Should McDonald's Bulls Be Concerned?
McDonald's Corporation (NYSE: MCD) shares have rebounded nicely off of the October lows, but may be set to top out, according to technicians.
Will that top be short-term in nature or should the McDonald's bulls be more concerned? Let's take a look at the fundamentals and technicals to help develop a plan of action.
What The Bulls See
- A 3.5 percent dividend yield, but with a slightly high 64 percent payout ratio.
- Cheap valuation metrics: An enterprise value of $105.30 billion that trumps the market capitalization of $93.52 billion and a price-to-sales ratio of 3.34.
- 18.9 percent net profit margins that spun off $3.8 billion in levered free cash flows annually.
- A current ratio of 1.25, short-term balance sheet stability.
What The Bears See
- Expensive valuation metrics: A PE of just over 18, which seems expensive considering 2014 estimated growth in revenues of 0 percent and in EPS of 12.5 percent, and a price-to-book ratio of 6.85.

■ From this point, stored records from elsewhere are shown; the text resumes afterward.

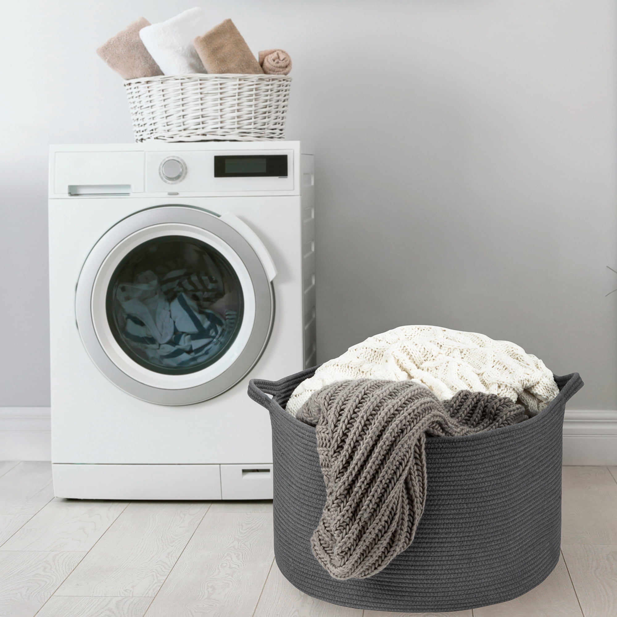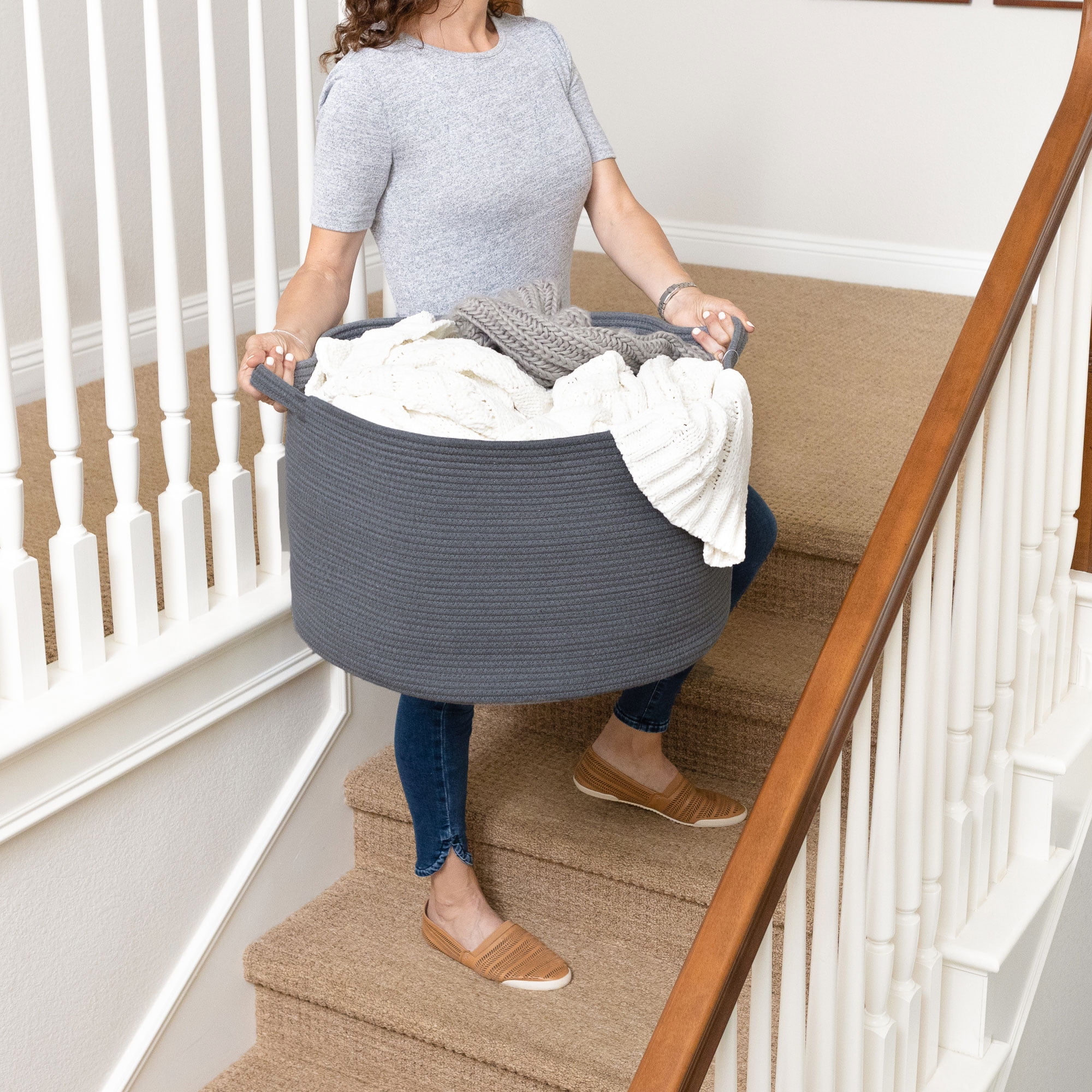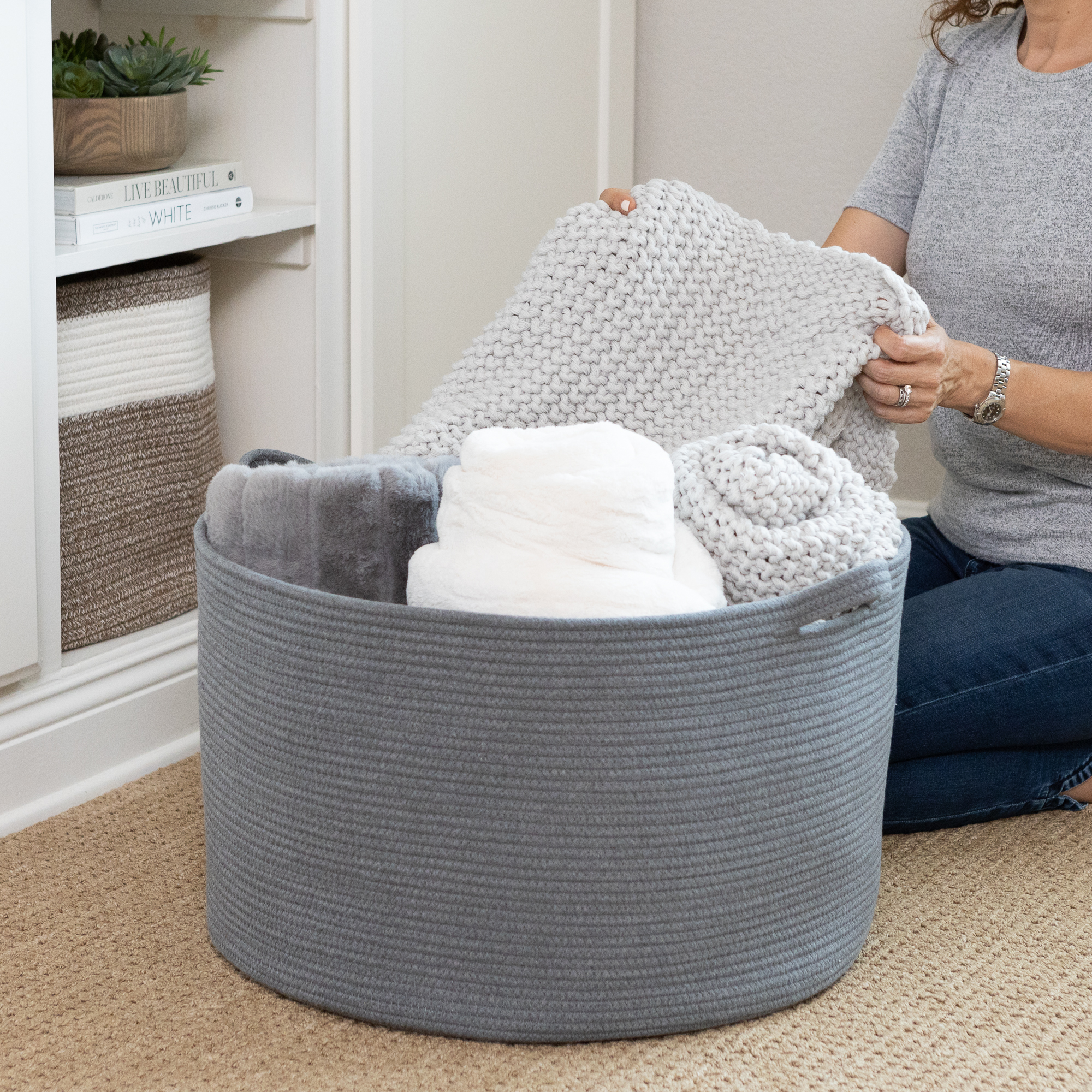 - OVERSIZED AND MULTIPURPOSE ORGANIZING: Whether you need a toy organizer, a towel storage, a large basket for blankets and pillows, or a comforter storage, this big woven rope basket is definitely a smart and ergonomic way of neatly organizing all sorts of items! This clothes hamper measures 14" height x 22" wide and comes with an easy to match color, being suitable for any style, from farmhouse décor living room storage to laundry room storage.
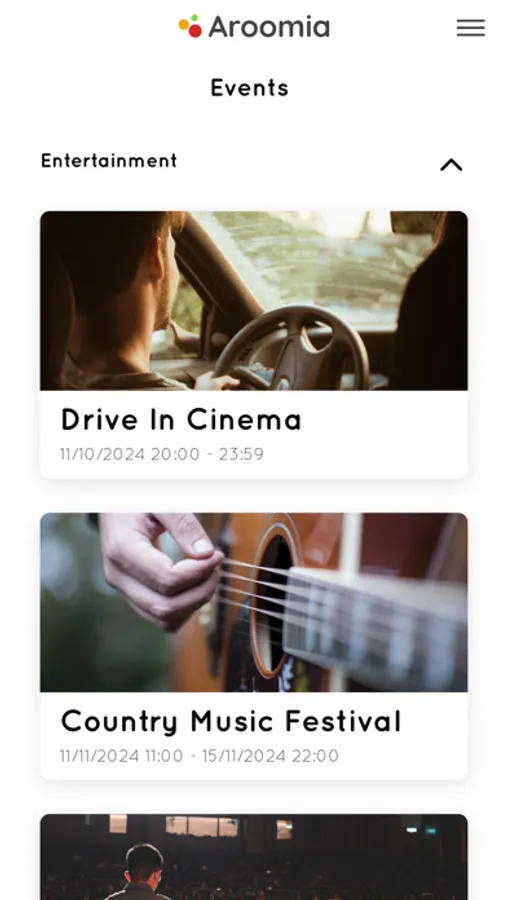 Events - The events section allows you to see current and up-and-coming events in the local area.
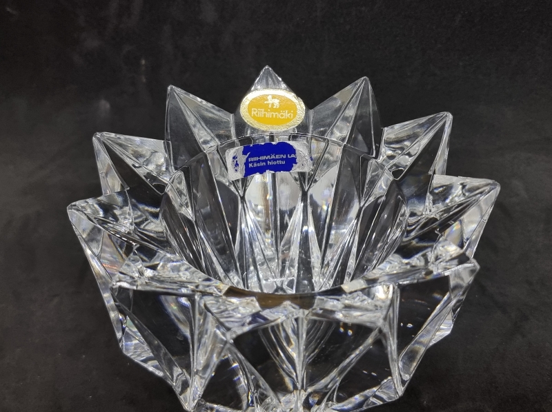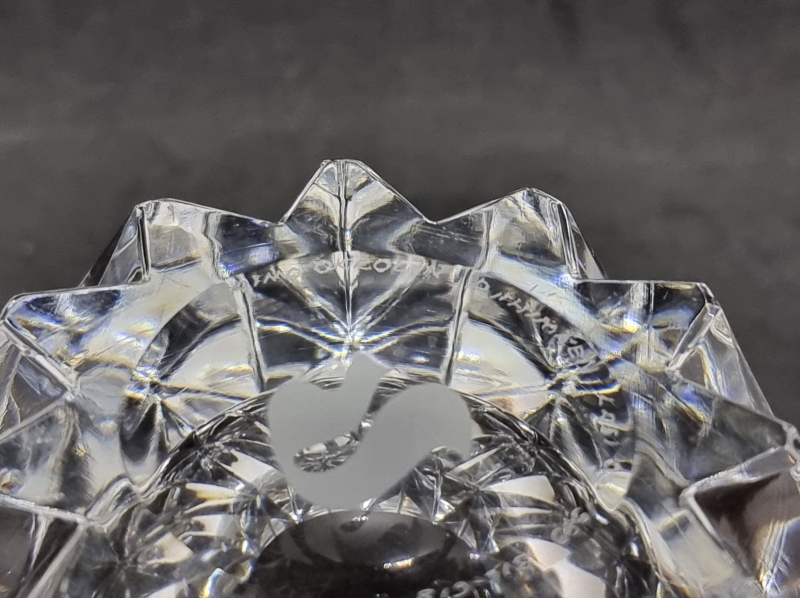 Pieni vika fasetissa. Sign. pohjassa kaiverrus KOP. Halkaisija 12,5cm
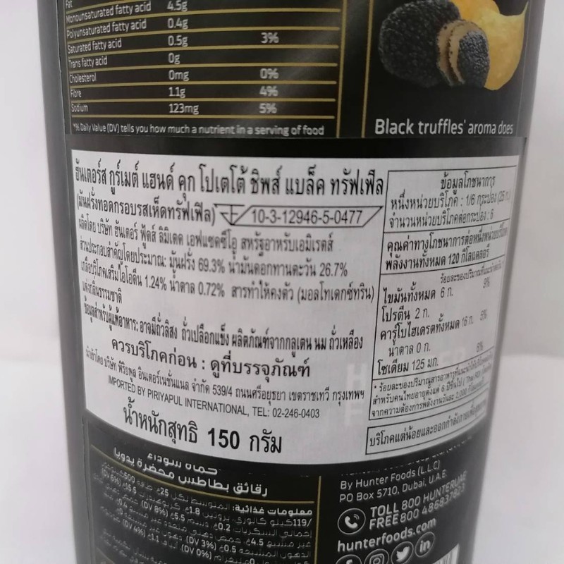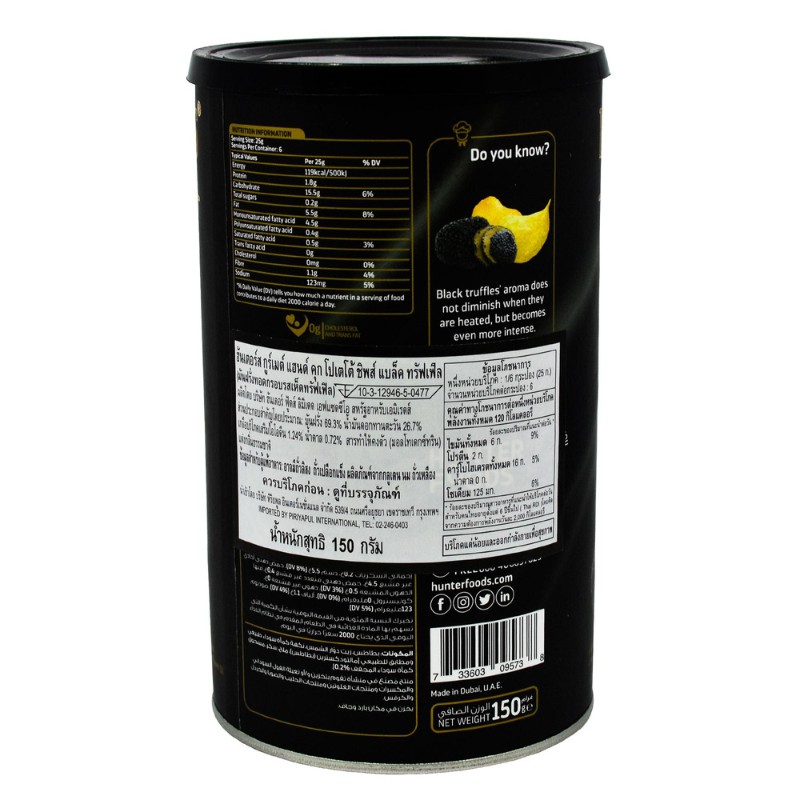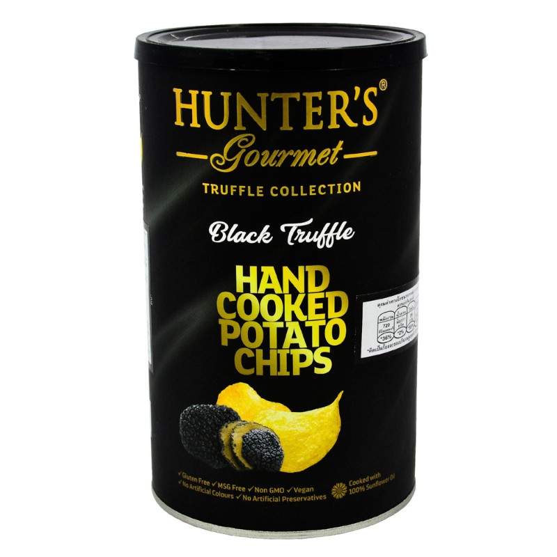 Hunter's ฮันเตอร์ส กูร์เมต์ แฮนด์ คุก โปเตโต้ ชิพส์ แบล็ค ทรัฟเฟิล 150 กรัม (มันฝ รั่งทอดกรอบรสเห็ดทรัฟเฟิล)
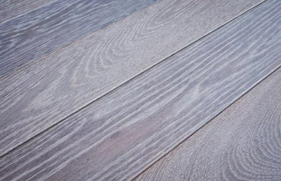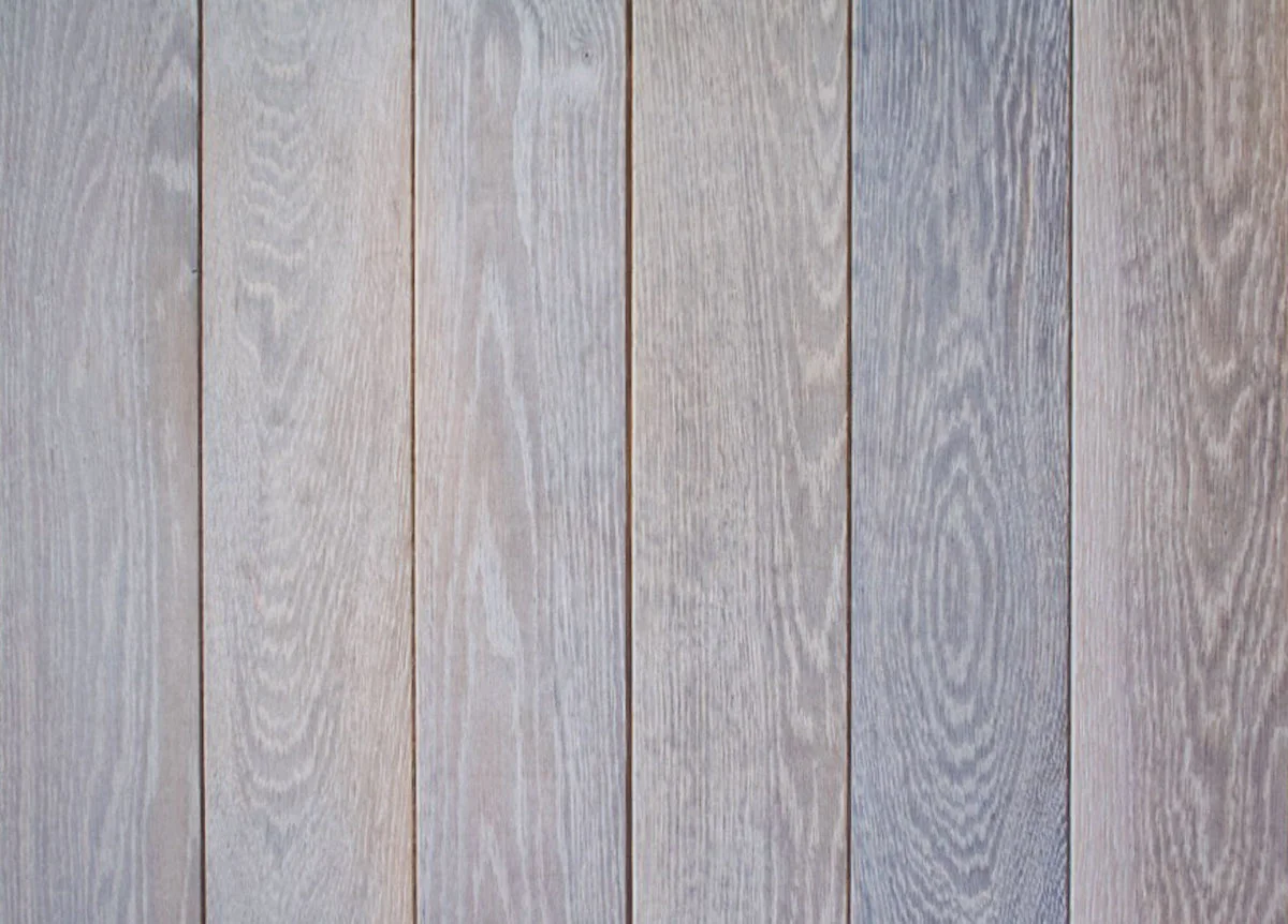 European Fumed Oak Flooring & Wall Paneling with Flat-Sawn Character & Cerused Gray/White Finish
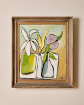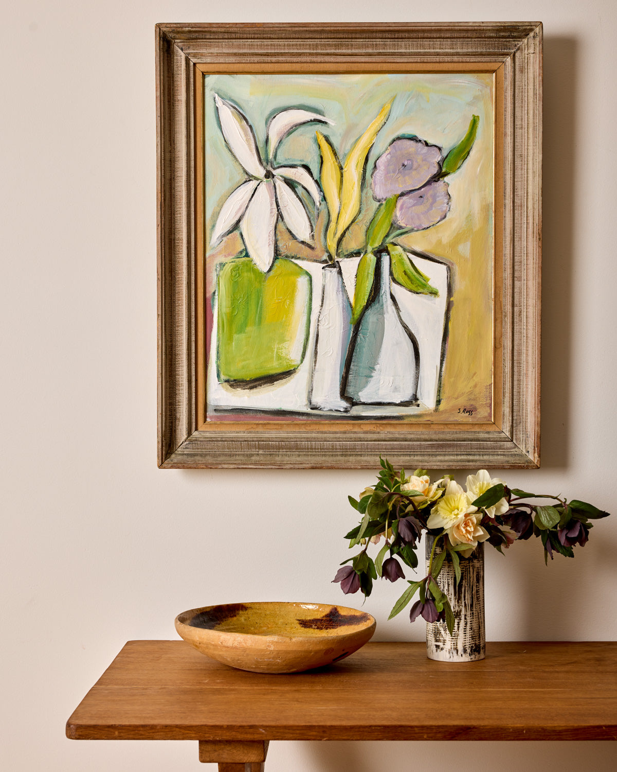 A vibrant still life by contemporary artist Stewart Ross. Bold strokes and rich color bring energy to a quiet scene — three vases filled with florals in shades of green and yellow. Signed and framed by the artist.
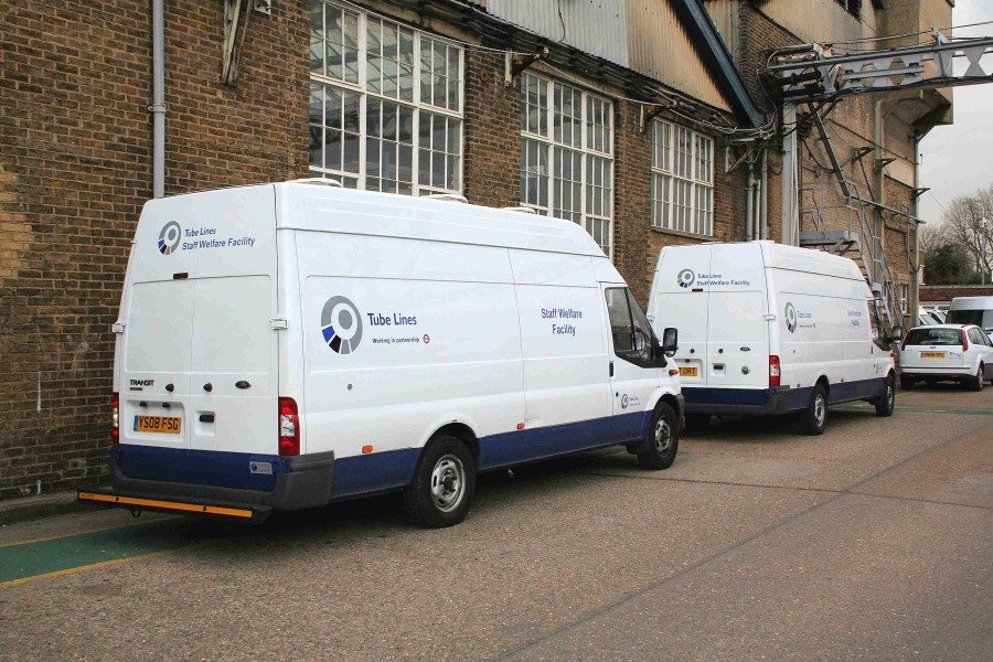 | Details: It is amazing what you pick out if you look at a picture long enough! What I have just noticed here is that the arrangement of the J, N and P coloured (ie silver, black and blue) segments of the Tube Lines logos is different on these two vans, the one on the front van being the more normal. Anyway, these are two more of the recent phenomenon of 'Staff Welfare Facilities' vans. An official fleetlist confirms our suspicions of what these are by recording 6517F as being fitted with 4 toilets! 6517F (nearest the camera) was converted by Clarks (hence the Yorkshire registration) but appears to have push-up roof vents as opposed to the 'spinners' seen on similar 6525F. 6464F has a more normal Kx registration. The pair were photographed at Acton Works on 31st March 2009. | |||||
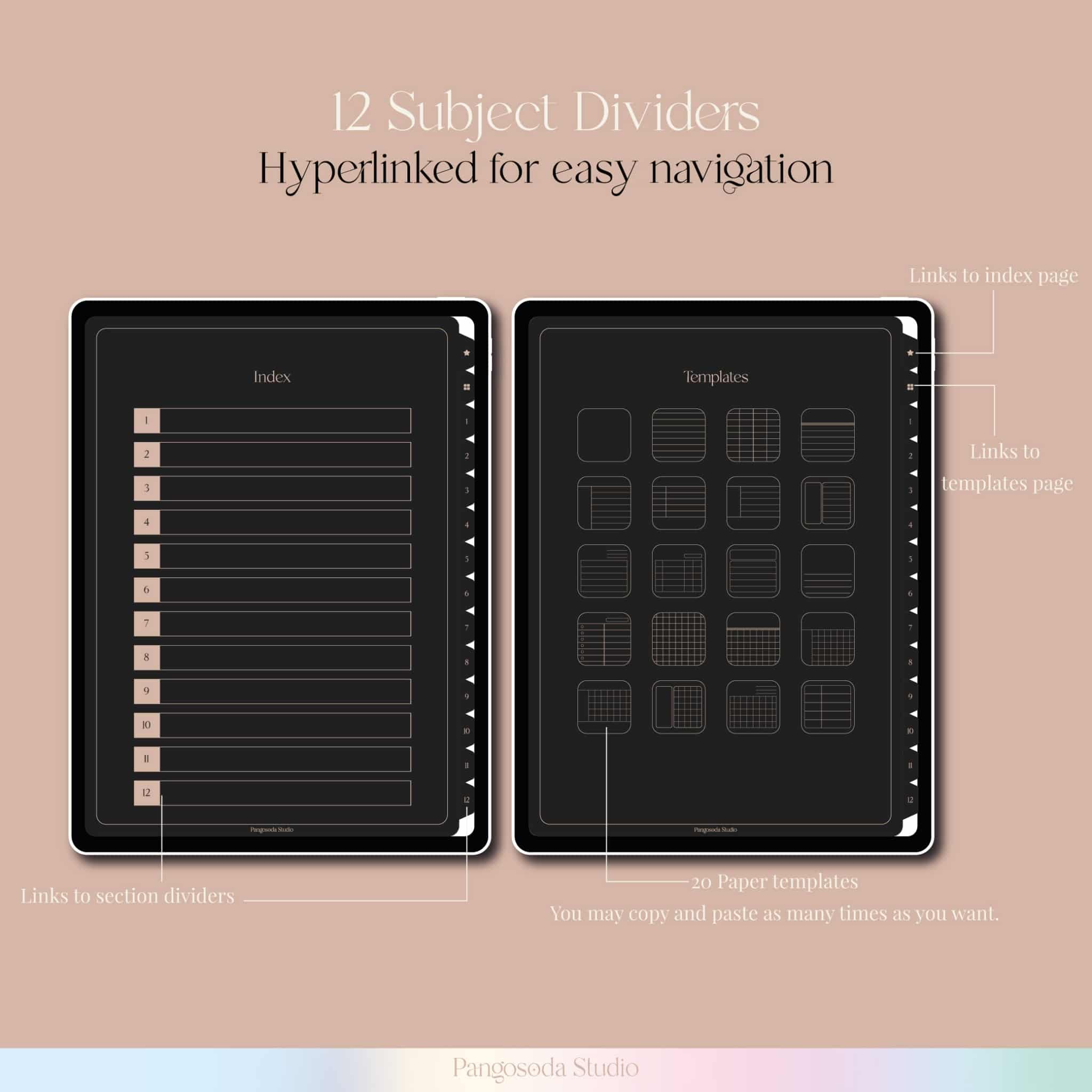 This digital notebook with 12 subjects will help you organize your notes.
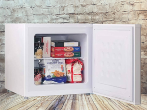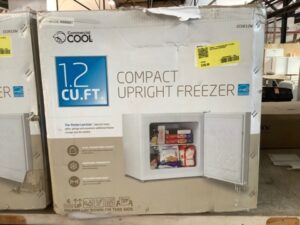 Commercial Cool 1.2 Cubic Foot Freezer (model CCUK12W) in white, perfect for compact spaces. Includes Appliance Warehouse Warranty. Brand new in box—reliable and ready to use!

- Perhaps too much debt: cash of $3.23 billion versus more than $15 billion in total debt and a debt-to-equity ratio of 111.04 percent.
The Technical Take
Technicians note that McDonald's may have completed or be in the process of completing the "a" wave of an "abc" upside correction. If they are correct, the next move for McDonald's will be to the downside with a support level/target of $92.25. Once that pullback occurs -- if it occurs –- they feel another move higher (wave "c") will take place that should bring the stock up to "correction resistance" and horizontal line resistance at $99.13-$99.19.
All of those are short-term moves. The long-term picture in McDonald's is that it is still in an uptrend despite the rather lengthy consolidation that has occurred since the beginning of 2012.